**YOUR TASK:**
Make an exact copy of the listing underneath, skipping each picture.

**AVAILABLE DATA:**
***
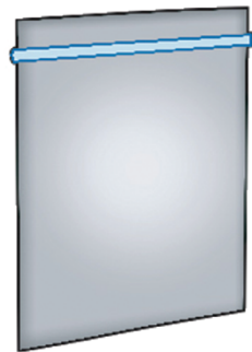
1-GALLON PLASTIC FREEZER BAG

NOTE: WALLET, BILLFOLDS, CLUTCHES LARGER THAN 1" X 4.5" X 8.5" ARE PROHIBITED
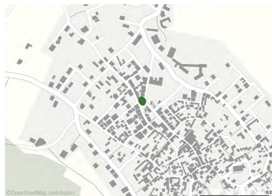
Pyrgos, Tinos, Greece
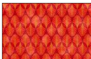
REJO 4166 R*
***
**THE COMPLETED TASK:**
1-GALLON PLASTIC FREEZER BAG

NOTE: WALLET, BILLFOLDS, CLUTCHES LARGER THAN 1" X 4.5" X 8.5" ARE PROHIBITED
Pyrgos, Tinos, Greece
REJO 4166 R*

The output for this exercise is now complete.